Duurder wordende medicijnen deels gevolg van overheidsbeleid

Nederlandse wetenschappers tonen aan dat overheidspogingen om de medicijnenprijzen te drukken averechts kunnen werken. Nieuwe geneesmiddelen worden steeds duurder, ondanks overheidsmaatregelen om de prijzen aan banden te leggen. En soms werken die prijsdempende maatregelen juist averechts.

Dat schrijven drie Nederlandse onderzoekers vorige week in het wetenschappelijke blad PLOS ONE.

Overheden bedachten bijvoorbeeld zogeheten QALY’s, een bedrag dat een jaar langer in goede gezondheid leven mag kosten. Is een medicijn duurder dan dat, dan zal het niet gebruikt worden, hoe goed het ook is. „Maar geneesmiddelenfabrikanten zijn de QALY’s gaan gebruiken als richtprijs”, zegt Toine Pieters, hoogleraar geschiedenis van de farmacie aan de Universiteit Utrecht.

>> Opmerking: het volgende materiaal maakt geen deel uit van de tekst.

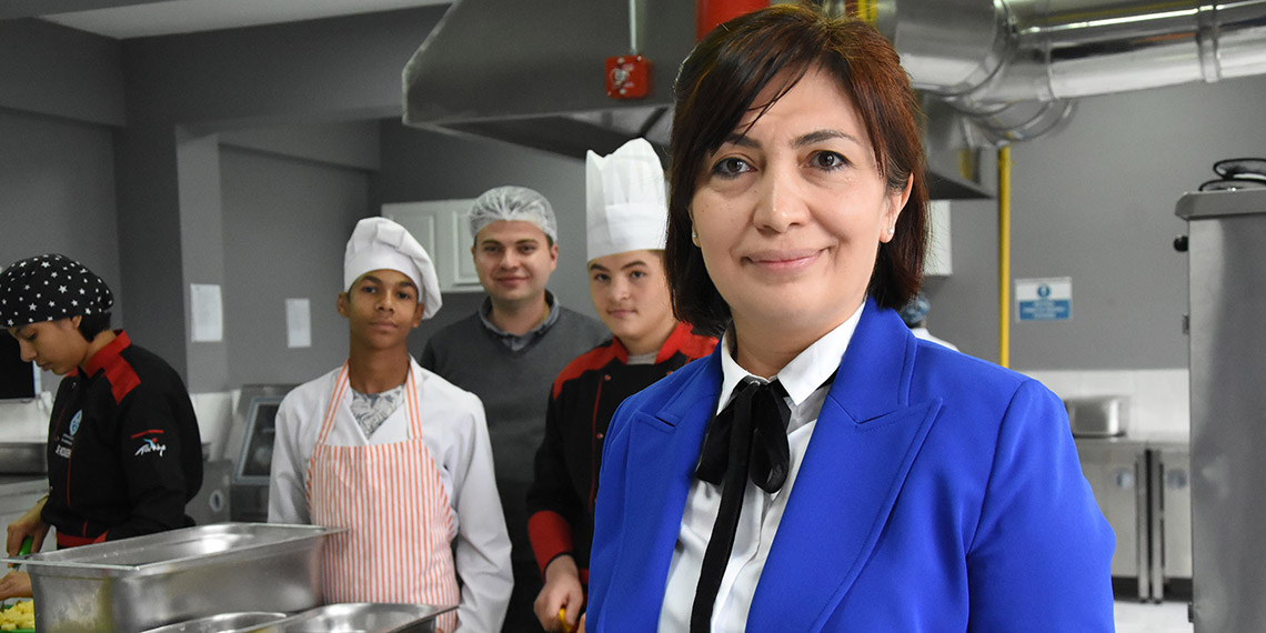 Okulun hafif düzeyde zihinsel engele sahip öğrencilere eğitim verdiğini ifade eden okul müdürü Mehtap Kınalıbaş, “Öğrencilerimize mesleki eğitim veriyoruz. Öğrencilerimizin ürettikleriyle, yapabildikleriyle ön planda olmalarını, güçlü yönleriyle öne çıkmalarını arzu ediyoruz. Öğrencilerimiz burada yedikleri yemeği hazırlıyor. Bunun öncesinde farklı kurumlardan yemek hizmetini satın alıyorduk. Ama çocuklarımızın memnuniyetsizliği oluyordu. Burası bir üretim okulu olduğu için yiyecek içecek hizmetleri alanı var. Şu an yedikleri yemeği üretiyorlar. Ayrıca 2 özel eğitim okulumuza da yemek hizmeti sunuyoruz. Daha da geliştirmeyi, 6 okula hizmet sunmayı düşünüyoruz. Burada 1000 kişilik yemek üretecek kapasitemiz var” dedi.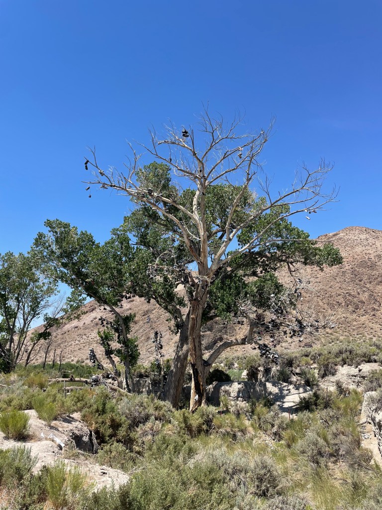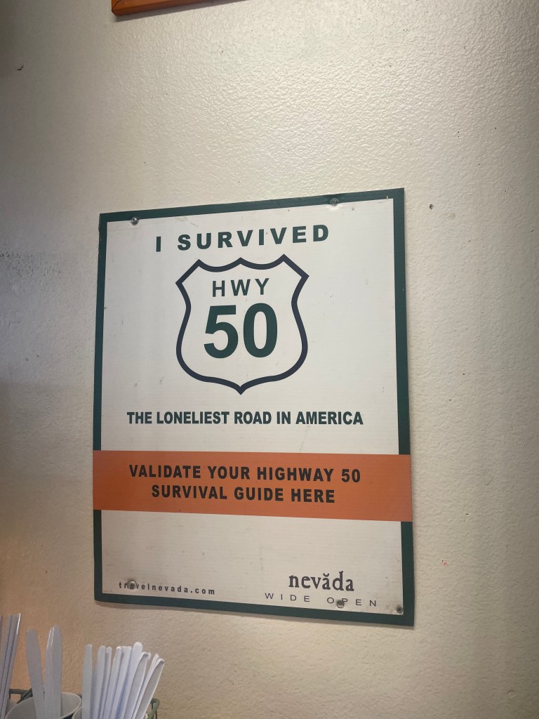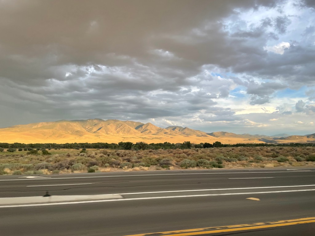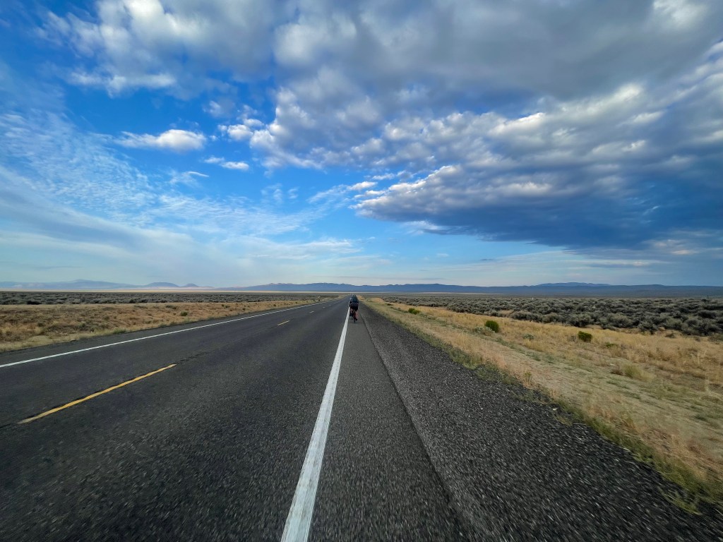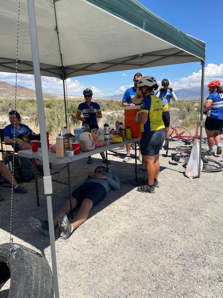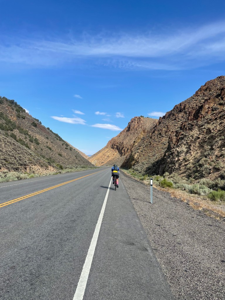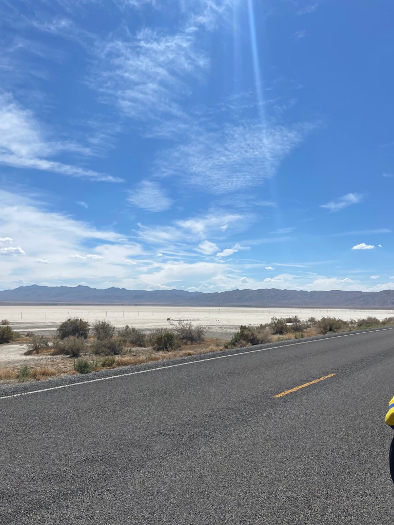 I woke up this morning a little chilly but otherwise well-rested after a night in the van! After a true #4KOK breakfast (a bagel, a banana, and a slice of cake) and a loooong pack-up, we were finally heading out of Austin back on US-50. It was a clear and cold morning but we quickly warmed up on a gradual but long climb to our first water stop. Our groups got very spread out so we waited there for a while before getting back on the road and descending into a valley. While we were waiting we heard a sonic boom– later we learned that the real-life home of Top Gun is in Fallon, NV! We saw a lot of cool planes doing practice drills throughout the day, especially toward the end of the ride.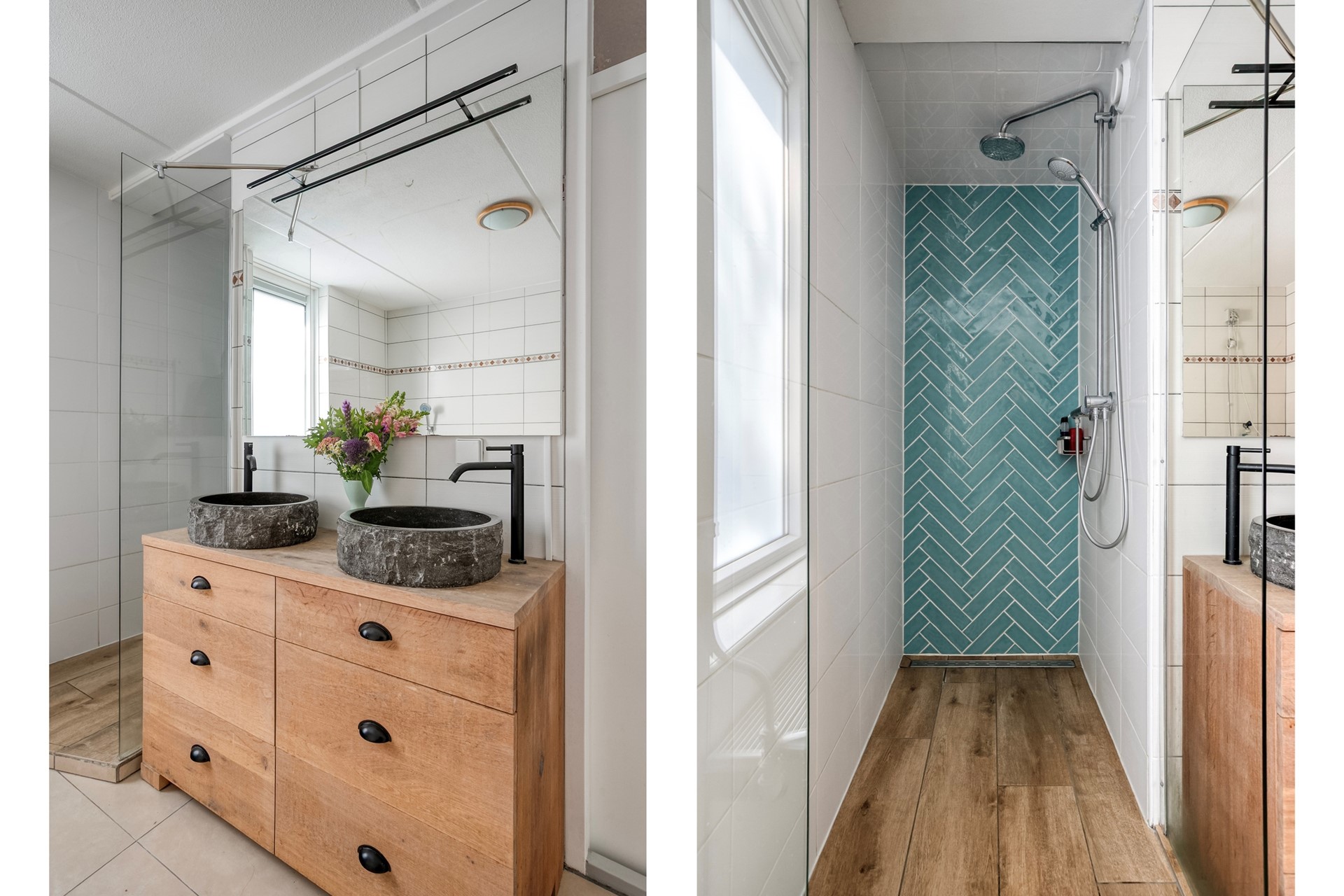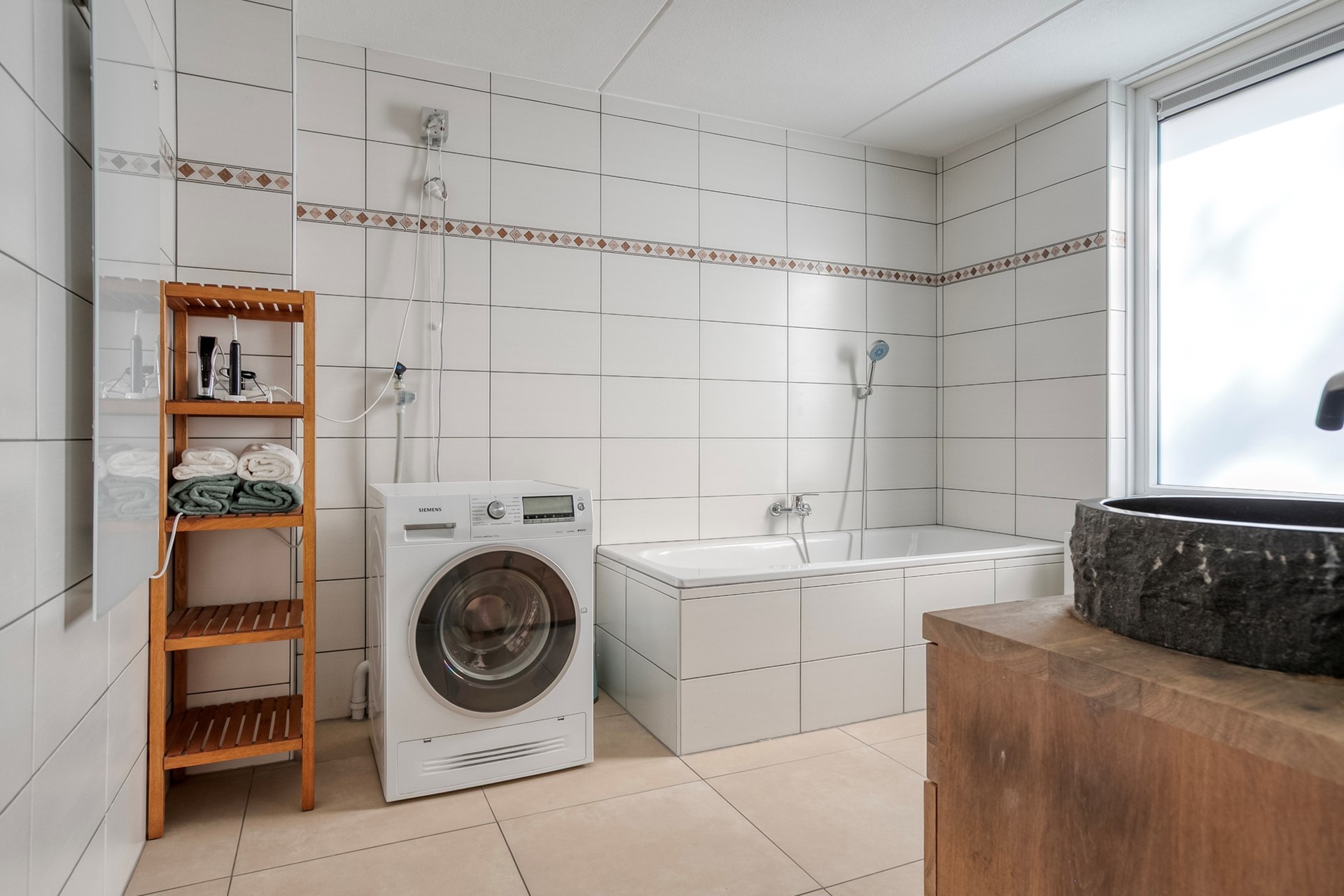 Ruime en complete badkamer, voorzien van een inloopdouche (2018), dubbel wastafelmeubel, ligbad én de aansluitingen voor wasmachine en droger. Volledig betegeld en met een moderne radiatorafwerking. Hier begin je elke dag goed!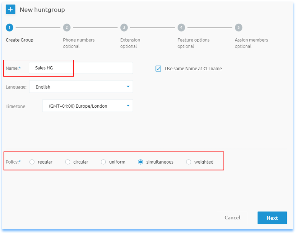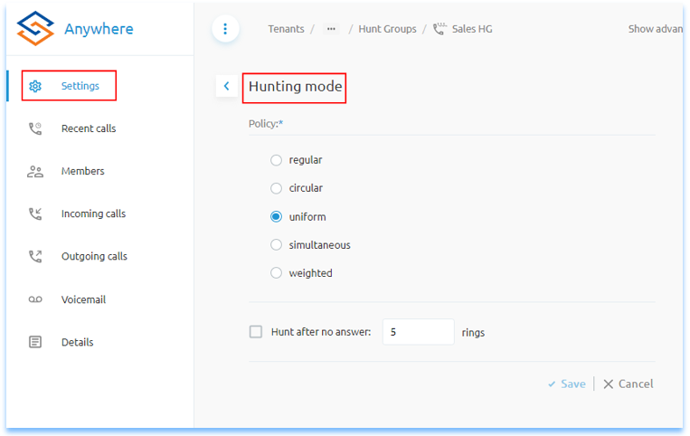 Set the Policy for call routing to users within the Hunt Group. See Huntgroup Policy Settings for more detail.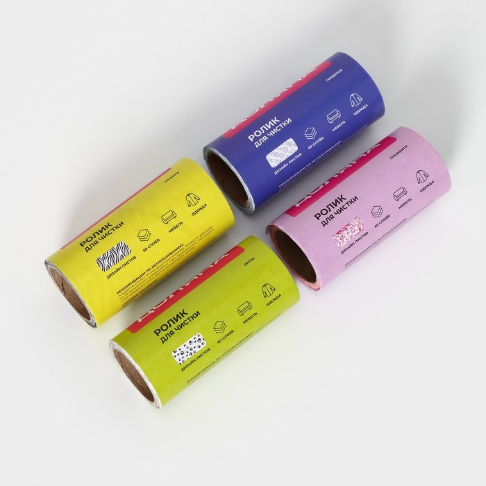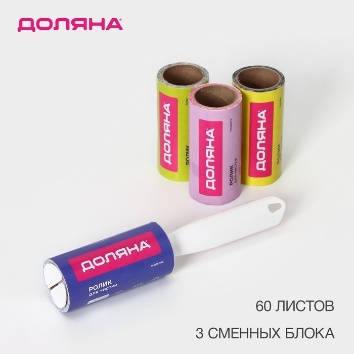 Ролик для чистки одежды Доляна, 60 листов + 3 сменных блока по 60 листов с рисунком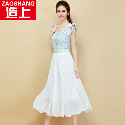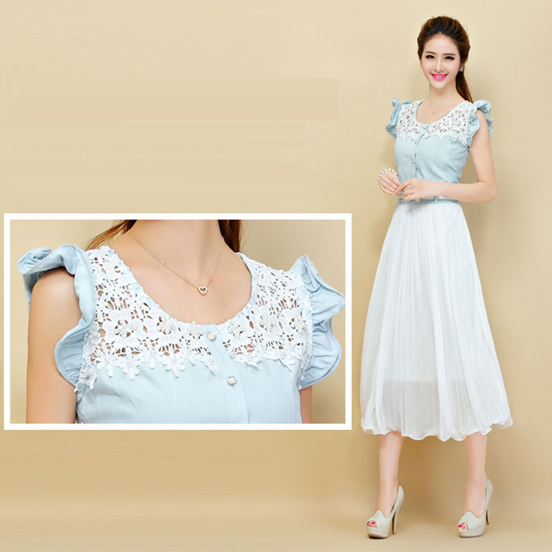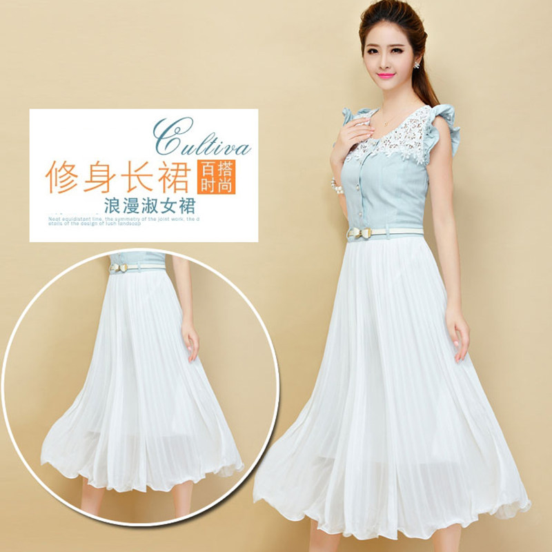夏季长裙牛仔大码淑女雪纺

Pieters en zijn team doorzochten de wetenschappelijke literatuur en vier Engelstalige kranten (The Financial Times, The New York Times, The Wall Street Journal en The Guardian) op artikelen over medicijnprijzen. Samen met tweede auteur Carin Uyl-de Groot van het Erasmus MC zit Pieters in het bestuur van Cinderella, een non-profitorganisatie die nastreeft verwaarloosde en vergeten medicijnen tegen redelijke prijzen beschikbaar te maken voor patiënten. „Altijd als het over de grote farmaceutische industrie en de woekerprijzen ging, dan bleef dat hangen op het niveau van vermoedens. Daarom wilden we eens systematisch onderzoeken hoe deze marktmechanismen in elkaar zitten.”

Lees hier het volledige artikel.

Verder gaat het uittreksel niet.